*** SUPPLIED INFORMATION ***

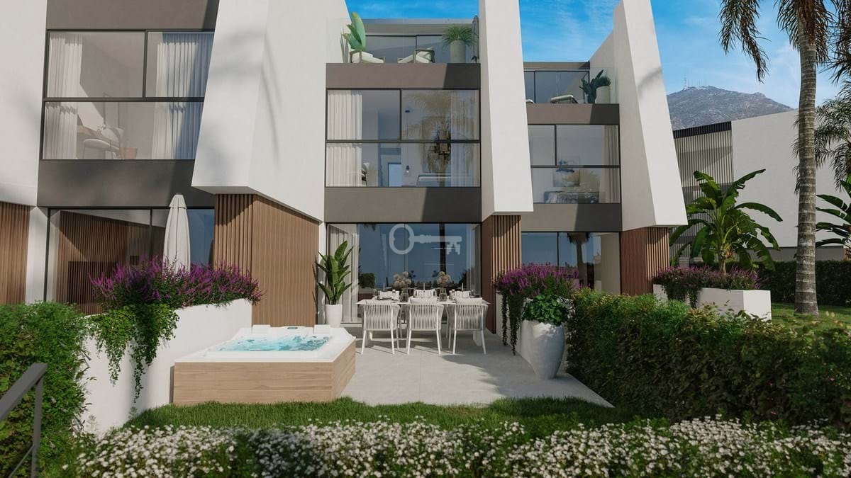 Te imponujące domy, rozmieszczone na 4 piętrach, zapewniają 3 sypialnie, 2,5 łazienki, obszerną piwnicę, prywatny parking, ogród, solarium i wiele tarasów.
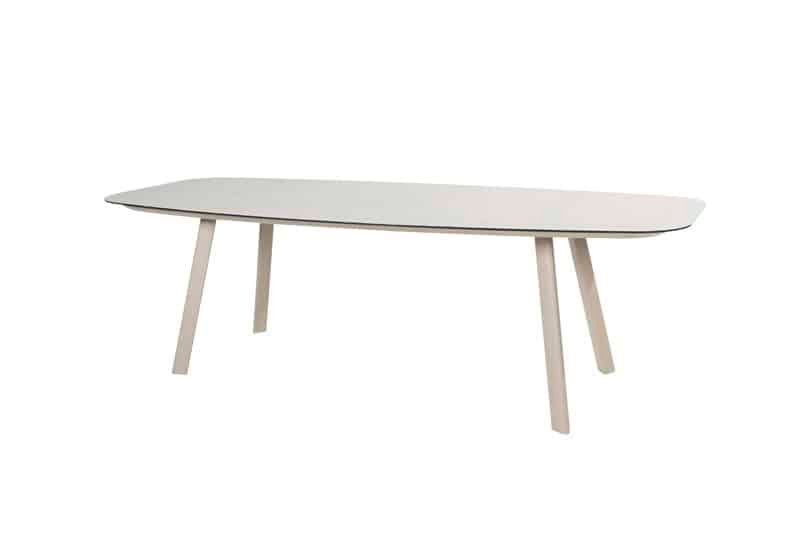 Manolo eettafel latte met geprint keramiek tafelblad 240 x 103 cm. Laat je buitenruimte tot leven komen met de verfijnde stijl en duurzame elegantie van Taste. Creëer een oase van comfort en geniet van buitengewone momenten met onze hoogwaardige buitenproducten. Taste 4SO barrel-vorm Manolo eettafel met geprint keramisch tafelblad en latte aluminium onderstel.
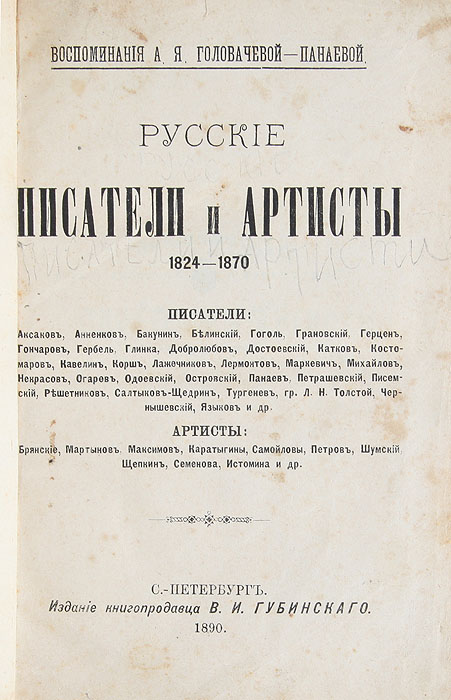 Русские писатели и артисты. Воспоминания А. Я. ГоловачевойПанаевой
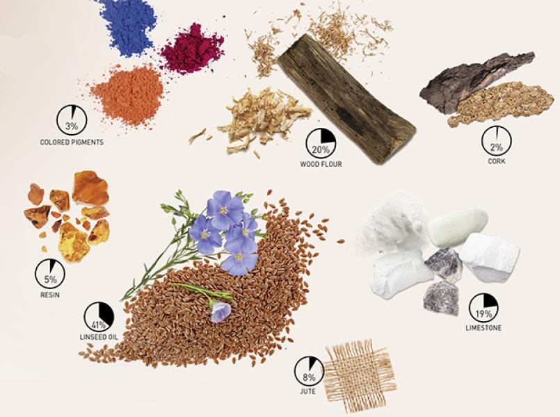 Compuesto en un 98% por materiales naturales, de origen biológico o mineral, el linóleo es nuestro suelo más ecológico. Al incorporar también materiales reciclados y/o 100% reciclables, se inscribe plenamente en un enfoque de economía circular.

*** End of SUPPLIED INFORMATION ***
*** SUPPLIED INFORMATION ***

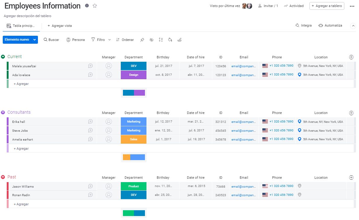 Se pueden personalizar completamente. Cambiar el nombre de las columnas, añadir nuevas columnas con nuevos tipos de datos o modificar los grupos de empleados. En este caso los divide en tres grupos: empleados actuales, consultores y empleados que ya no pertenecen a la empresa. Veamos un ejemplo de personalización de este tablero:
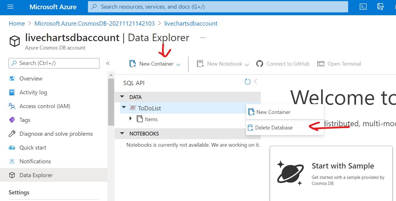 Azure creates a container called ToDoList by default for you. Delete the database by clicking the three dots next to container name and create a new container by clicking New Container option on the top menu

*** End of SUPPLIED INFORMATION ***

YOUR GOAL >> Give back exactly the lines of the listing above from the one that contains "Русские писатели и" up to and including the one that contains "Compuesto en un", but not the pictures, and no other lines.

ANSWER FOR THE TASK >>
 Русские писатели и артисты. Воспоминания А. Я. ГоловачевойПанаевой
 Compuesto en un 98% por materiales naturales, de origen biológico o mineral, el linóleo es nuestro suelo más ecológico. Al incorporar también materiales reciclados y/o 100% reciclables, se inscribe plenamente en un enfoque de economía circular.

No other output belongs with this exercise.